■ **Exercise aim**: Retype, word for word, every line from the one holding "хват турника |" through the one holding "基于这些背景,我们设计了一个" in the entries below, both included, and only those lines.

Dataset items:
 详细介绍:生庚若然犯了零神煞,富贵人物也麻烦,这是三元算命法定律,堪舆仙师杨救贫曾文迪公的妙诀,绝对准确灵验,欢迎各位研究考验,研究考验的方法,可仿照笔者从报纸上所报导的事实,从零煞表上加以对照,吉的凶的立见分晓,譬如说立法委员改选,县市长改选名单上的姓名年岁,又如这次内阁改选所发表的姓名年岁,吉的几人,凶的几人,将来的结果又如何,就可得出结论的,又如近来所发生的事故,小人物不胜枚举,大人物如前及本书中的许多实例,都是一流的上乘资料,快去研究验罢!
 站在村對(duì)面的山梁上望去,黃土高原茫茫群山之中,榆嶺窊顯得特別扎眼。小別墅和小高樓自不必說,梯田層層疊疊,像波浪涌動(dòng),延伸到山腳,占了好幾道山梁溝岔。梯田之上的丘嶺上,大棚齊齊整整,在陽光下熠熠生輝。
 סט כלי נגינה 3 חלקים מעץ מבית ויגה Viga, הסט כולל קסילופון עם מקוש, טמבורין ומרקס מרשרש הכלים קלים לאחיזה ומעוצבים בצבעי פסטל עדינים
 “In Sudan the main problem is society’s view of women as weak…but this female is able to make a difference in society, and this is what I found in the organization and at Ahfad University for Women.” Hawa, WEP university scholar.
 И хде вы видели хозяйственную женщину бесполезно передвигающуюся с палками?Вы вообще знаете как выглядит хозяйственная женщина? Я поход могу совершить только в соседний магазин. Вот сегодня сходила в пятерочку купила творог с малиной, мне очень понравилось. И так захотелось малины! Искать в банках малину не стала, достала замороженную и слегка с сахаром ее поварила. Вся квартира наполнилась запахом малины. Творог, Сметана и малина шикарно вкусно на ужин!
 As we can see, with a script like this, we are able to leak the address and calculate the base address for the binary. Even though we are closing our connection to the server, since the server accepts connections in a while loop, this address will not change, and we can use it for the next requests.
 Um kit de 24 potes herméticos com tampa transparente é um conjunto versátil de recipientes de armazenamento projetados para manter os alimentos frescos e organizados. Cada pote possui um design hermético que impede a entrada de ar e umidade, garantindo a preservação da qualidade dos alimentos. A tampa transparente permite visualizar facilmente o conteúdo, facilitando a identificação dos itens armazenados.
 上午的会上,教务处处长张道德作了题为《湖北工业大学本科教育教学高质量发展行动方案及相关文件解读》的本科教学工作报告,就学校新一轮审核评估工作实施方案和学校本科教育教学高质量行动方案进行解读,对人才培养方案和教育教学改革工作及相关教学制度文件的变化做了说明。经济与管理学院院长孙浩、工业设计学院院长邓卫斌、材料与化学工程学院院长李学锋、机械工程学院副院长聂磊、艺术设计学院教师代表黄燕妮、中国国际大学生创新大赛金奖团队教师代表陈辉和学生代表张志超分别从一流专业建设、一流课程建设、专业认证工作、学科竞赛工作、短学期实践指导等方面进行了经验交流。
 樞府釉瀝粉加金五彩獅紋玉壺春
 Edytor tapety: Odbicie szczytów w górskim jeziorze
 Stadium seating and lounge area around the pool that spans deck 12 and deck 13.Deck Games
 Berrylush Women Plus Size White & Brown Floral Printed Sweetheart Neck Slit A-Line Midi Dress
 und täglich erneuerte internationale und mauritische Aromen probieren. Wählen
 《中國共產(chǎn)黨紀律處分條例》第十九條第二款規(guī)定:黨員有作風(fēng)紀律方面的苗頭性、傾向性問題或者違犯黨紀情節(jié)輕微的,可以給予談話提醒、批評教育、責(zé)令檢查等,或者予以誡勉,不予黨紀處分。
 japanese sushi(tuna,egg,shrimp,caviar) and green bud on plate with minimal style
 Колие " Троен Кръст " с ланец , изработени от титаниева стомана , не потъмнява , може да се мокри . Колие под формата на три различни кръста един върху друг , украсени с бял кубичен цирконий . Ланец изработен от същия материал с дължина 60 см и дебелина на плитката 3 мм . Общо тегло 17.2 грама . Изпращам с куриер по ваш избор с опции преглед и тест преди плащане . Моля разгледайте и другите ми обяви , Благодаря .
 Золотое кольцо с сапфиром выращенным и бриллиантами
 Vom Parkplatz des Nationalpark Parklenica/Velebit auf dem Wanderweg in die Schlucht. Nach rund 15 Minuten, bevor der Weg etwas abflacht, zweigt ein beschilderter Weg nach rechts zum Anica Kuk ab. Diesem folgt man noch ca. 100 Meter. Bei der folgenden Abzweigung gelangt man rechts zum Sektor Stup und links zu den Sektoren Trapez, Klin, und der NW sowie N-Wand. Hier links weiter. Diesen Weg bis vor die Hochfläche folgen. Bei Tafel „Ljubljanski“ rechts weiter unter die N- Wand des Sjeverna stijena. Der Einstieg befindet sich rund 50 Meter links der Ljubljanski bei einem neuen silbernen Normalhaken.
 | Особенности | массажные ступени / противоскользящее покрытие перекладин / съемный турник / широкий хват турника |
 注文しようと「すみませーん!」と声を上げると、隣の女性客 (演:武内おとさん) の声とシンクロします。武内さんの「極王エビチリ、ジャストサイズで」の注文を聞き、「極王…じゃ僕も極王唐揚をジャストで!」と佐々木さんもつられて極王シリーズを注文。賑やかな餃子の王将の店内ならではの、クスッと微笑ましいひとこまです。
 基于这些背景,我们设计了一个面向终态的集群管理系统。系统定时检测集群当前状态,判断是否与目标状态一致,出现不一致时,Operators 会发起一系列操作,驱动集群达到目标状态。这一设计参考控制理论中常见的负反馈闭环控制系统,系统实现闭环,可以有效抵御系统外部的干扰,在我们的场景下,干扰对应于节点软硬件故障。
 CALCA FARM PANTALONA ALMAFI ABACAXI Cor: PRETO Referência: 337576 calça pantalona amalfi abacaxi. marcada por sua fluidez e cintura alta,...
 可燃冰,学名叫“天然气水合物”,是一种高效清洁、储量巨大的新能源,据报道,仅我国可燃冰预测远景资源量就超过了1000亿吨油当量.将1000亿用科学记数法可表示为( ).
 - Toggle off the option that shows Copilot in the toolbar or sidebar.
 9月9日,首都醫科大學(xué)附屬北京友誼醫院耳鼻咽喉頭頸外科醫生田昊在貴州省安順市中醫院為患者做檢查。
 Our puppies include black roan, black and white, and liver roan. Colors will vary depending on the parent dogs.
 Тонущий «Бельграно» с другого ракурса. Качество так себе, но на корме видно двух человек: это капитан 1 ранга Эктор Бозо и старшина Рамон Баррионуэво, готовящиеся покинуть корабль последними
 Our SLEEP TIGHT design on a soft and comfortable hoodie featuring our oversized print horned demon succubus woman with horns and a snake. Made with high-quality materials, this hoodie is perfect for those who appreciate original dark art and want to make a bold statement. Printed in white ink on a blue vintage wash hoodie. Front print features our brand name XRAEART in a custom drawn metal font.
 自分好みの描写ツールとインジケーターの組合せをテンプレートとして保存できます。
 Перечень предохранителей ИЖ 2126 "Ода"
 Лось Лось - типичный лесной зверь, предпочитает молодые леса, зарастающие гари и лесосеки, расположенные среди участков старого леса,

■ **Output of the task**:
 | Особенности | массажные ступени / противоскользящее покрытие перекладин / съемный турник / широкий хват турника |
 注文しようと「すみませーん!」と声を上げると、隣の女性客 (演:武内おとさん) の声とシンクロします。武内さんの「極王エビチリ、ジャストサイズで」の注文を聞き、「極王…じゃ僕も極王唐揚をジャストで!」と佐々木さんもつられて極王シリーズを注文。賑やかな餃子の王将の店内ならではの、クスッと微笑ましいひとこまです。
 基于这些背景,我们设计了一个面向终态的集群管理系统。系统定时检测集群当前状态,判断是否与目标状态一致,出现不一致时,Operators 会发起一系列操作,驱动集群达到目标状态。这一设计参考控制理论中常见的负反馈闭环控制系统,系统实现闭环,可以有效抵御系统外部的干扰,在我们的场景下,干扰对应于节点软硬件故障。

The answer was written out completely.